Ultimately I would like to program both drums and tubes to spin with the same cycle so lots of sheets of film can be processed at the same time. The agitation cycle must also allow individual tubes to be processed at different times. Both the drums and the tubes can be removed quickly but it seems like the initial agitation should happen for both the drums and tubes at the same time to get the development started. The drums can be pulled early or idividual tubes can be pulled early, and a duty cycle can continue for the tubes or drums left in the processor.

By adjusting the size of the pulleys I can make the drum turn at the same rotation rate as the tubes, faster or slower.

An array of light tight drain and fill flanges will allow a number of tubes and drums to be quickly drained and filled with stop bath so the time and effort needed to handle large drums and 6 tubes will be simplified greatly.

This will be for developing TMY-2 in divided D-23 and possibly 2-bath Pyrocat.

The most important idea is to avoid too much agitation which is why a number of people don't use rotarty processors. Now that the exact timing, speed and rotation control of the drums and tubes can be programmed with a digital motor controller I'm hoping that over-agitation can be totally avoided.

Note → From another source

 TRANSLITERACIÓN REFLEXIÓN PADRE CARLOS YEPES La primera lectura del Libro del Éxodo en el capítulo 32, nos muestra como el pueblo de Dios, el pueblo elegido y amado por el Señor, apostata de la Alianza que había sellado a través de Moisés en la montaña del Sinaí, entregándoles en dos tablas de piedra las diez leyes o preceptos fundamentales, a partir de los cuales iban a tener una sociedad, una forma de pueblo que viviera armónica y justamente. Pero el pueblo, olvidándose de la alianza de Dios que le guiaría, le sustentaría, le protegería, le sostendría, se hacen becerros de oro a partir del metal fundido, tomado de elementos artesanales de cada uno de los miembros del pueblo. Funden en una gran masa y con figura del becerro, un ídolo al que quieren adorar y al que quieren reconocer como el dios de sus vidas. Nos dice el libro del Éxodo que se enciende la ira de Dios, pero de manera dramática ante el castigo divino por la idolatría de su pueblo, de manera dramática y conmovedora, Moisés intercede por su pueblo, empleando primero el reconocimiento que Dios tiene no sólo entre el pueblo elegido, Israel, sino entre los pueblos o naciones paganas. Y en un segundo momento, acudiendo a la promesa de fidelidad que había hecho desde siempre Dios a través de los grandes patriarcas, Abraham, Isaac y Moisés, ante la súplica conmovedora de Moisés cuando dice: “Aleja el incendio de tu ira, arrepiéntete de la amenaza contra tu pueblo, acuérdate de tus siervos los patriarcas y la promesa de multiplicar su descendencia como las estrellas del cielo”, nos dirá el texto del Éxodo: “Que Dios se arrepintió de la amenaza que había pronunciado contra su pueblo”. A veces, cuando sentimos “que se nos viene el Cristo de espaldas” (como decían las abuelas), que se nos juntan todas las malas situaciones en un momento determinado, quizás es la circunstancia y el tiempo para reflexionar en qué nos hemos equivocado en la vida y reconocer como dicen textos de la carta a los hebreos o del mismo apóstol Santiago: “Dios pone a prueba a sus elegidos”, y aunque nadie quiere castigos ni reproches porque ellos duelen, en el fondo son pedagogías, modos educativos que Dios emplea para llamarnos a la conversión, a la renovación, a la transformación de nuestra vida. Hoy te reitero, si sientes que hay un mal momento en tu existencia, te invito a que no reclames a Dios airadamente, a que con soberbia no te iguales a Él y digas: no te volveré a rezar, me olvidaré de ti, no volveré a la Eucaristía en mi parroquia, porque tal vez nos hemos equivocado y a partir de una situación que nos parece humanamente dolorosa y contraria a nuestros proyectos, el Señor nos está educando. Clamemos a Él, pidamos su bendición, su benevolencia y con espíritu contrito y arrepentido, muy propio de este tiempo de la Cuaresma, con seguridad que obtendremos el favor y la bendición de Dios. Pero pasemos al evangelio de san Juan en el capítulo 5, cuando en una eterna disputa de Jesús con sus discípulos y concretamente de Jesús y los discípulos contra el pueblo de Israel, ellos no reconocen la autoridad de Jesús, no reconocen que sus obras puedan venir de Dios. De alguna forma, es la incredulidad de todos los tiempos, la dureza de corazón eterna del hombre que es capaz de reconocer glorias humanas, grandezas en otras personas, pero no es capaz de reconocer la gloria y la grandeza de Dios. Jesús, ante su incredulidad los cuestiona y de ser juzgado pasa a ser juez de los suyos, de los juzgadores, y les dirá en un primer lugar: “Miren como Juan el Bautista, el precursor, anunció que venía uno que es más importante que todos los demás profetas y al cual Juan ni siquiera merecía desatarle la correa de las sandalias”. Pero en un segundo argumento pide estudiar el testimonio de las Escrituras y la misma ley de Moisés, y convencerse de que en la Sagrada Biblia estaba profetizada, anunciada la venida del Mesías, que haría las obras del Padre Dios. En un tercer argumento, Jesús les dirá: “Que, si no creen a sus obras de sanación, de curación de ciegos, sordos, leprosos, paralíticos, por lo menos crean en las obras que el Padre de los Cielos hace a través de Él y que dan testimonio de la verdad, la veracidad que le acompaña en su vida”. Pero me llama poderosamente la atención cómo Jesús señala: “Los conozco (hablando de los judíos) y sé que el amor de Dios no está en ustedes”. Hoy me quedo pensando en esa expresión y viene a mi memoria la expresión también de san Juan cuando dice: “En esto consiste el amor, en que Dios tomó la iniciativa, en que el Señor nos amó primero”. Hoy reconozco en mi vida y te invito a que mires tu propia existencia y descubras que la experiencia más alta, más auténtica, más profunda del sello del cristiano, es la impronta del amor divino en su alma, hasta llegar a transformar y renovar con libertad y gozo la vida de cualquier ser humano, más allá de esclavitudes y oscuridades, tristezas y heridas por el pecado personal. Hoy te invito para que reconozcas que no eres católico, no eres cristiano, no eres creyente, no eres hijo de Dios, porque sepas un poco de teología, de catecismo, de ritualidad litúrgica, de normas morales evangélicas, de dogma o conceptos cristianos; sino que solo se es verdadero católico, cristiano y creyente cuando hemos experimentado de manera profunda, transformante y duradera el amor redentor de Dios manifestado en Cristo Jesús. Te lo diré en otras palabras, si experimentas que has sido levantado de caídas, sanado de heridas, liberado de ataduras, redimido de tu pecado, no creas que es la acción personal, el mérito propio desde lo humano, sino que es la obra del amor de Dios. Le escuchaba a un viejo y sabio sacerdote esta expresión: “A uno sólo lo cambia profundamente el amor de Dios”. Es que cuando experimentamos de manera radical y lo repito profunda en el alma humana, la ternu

A few questions to gather some ideas.

1. Should the drums rotate more than one revolution in relation to the tubes say at 1 1/4 turns for the drum to 1 turn of the tube?

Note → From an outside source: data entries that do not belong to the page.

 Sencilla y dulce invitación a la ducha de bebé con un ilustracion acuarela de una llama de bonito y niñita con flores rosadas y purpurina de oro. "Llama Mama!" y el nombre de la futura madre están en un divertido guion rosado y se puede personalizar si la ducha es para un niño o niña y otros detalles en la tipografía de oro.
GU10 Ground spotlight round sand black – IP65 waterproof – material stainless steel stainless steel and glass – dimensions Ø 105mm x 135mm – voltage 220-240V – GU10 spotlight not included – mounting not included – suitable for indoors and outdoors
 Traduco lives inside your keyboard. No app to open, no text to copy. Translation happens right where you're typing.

2. With agitation cycles timed to occur at regular intervals at 1/4, 1/2 and 3/4 points of development more cycles of this same interval can be programmed allowing development time to be staggered for various drums and tubes. One drums cycle could be started and just prior to the next agitation cycle starting, another drum or a number of tubes could be agitated separately and when the processor stops turning they are inserted into the processor for the rest of the cycle. Can anyone imagine why this wouldn't work?

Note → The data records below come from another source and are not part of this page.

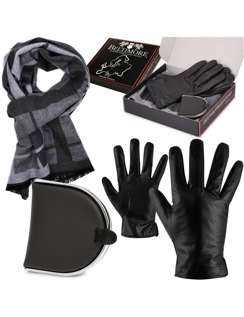 Zestaw męski skórzany Beltimore portfel szalik rękawiczki U80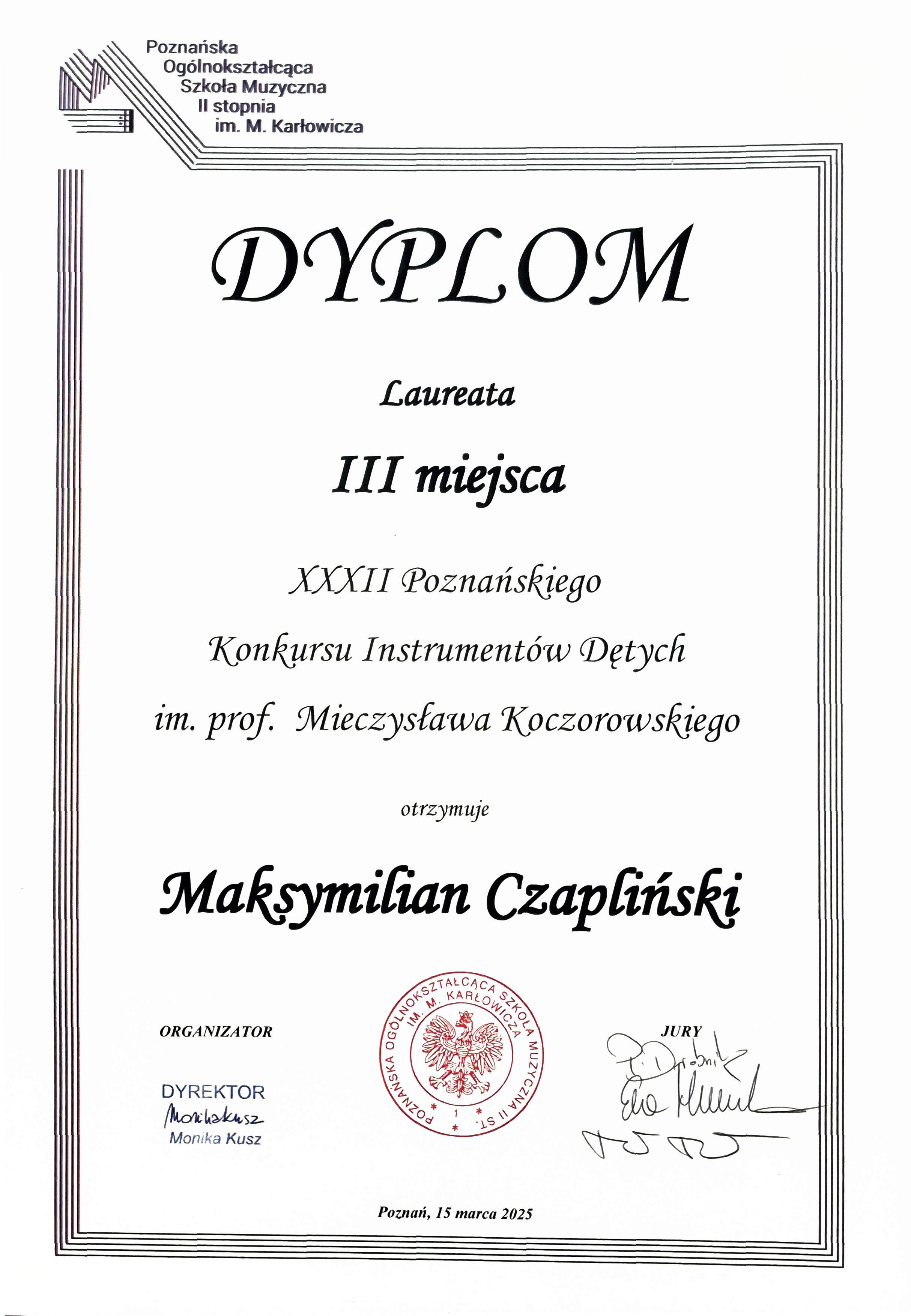 Maksymilian Czapliński z klasy klarnetu p. Miłosza Wojcieszaka zdobył III miejsce na XXXII Poznańskim Konkursie Instrumentów Dętych im. prof. Mieczysława Koczorowskiego, który odbył się dnia 15 marca 2025 r. Serdecznie gratulujemy i życzymy dalszych sukcesów!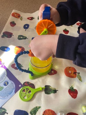 My girls were excited as soon as we opened the box!! Lots to look at and play will, we followed the instructions to hatch the creatures, which were very easy for them to do, they loved watching the eggs bubble and hatch and the creatures that came out. After looking through the instruction book for other ideas they wanted to try the bubbles – great success. They have since been using the equipment to do lots of self-lead experiments in the garden, lots of imagination used. The tools are very robust, colourful, and fun. They are keen to do the other experiments in the book we just need to do a bit of shopping first. We will defiantly be collecting some of the other creatures in the set. I think the best thing about this set is how it sparked such an interest for my girls, they love using the tools to do their experiments.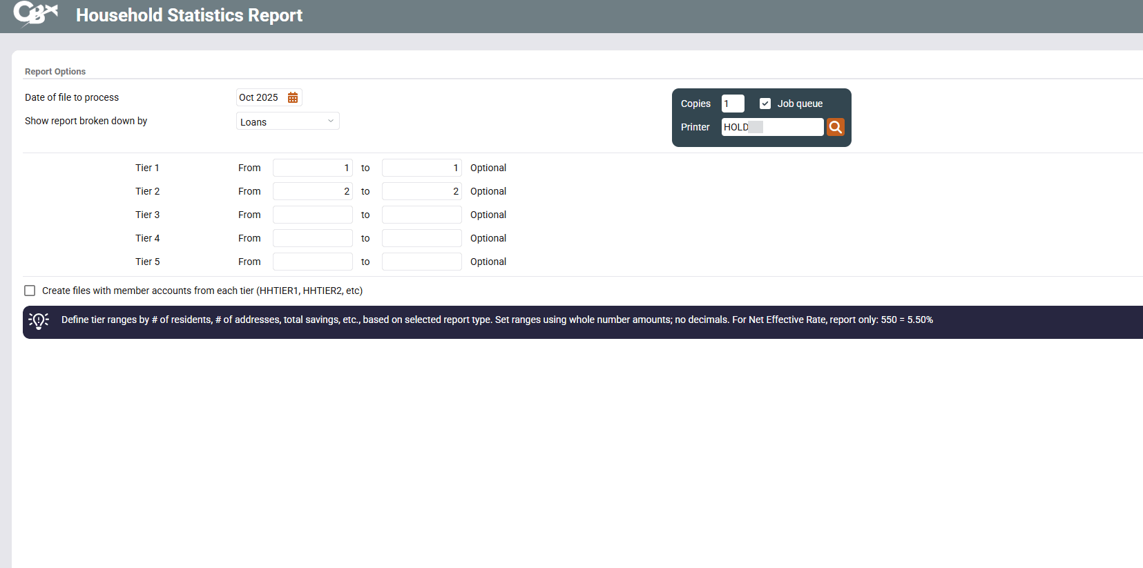 For instructions on using this screen to choose a report format and define tier ranges, or to see samples of the printed reports, refer to the Household & Member Statistics booklet. This booklet also describes how you can use the Create files with member accounts... option to create a series of database files that contain the actual account numbers and household numbers for the members represented by each tier.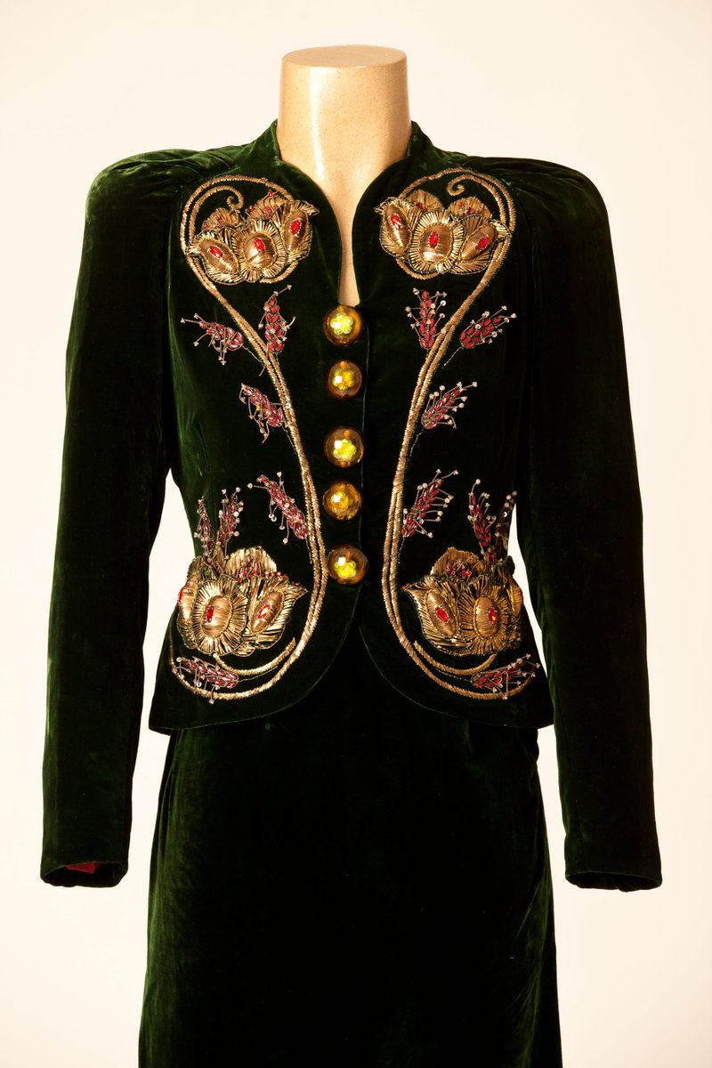 Friday treat time! Dark green silk velvet jacket with metal thread embroidered flowers, Schiaparelli 1938

3. The motor can be programmed to turn very slowly. Instead of just having the drums and tubes sitting at a complete stop would a very slow rotation be advantagious at any time during the cycle such as during the initial stage of development?

4. As a new light tight drum drain and fill design is in the works I can either modify and existing Jobo Expert drum or make a drum that holds individual PVC tubes. Is there anyone that thinks that the Jobo drums are a whole lot better than a large drum with individual PVC tubes?

5. Are there any design ideas that you think would be important for a drum that holds PVC tubes? Do the tubes need to be held to the inside of the drum or will having them roll over each other be OK and possibly help the agitation?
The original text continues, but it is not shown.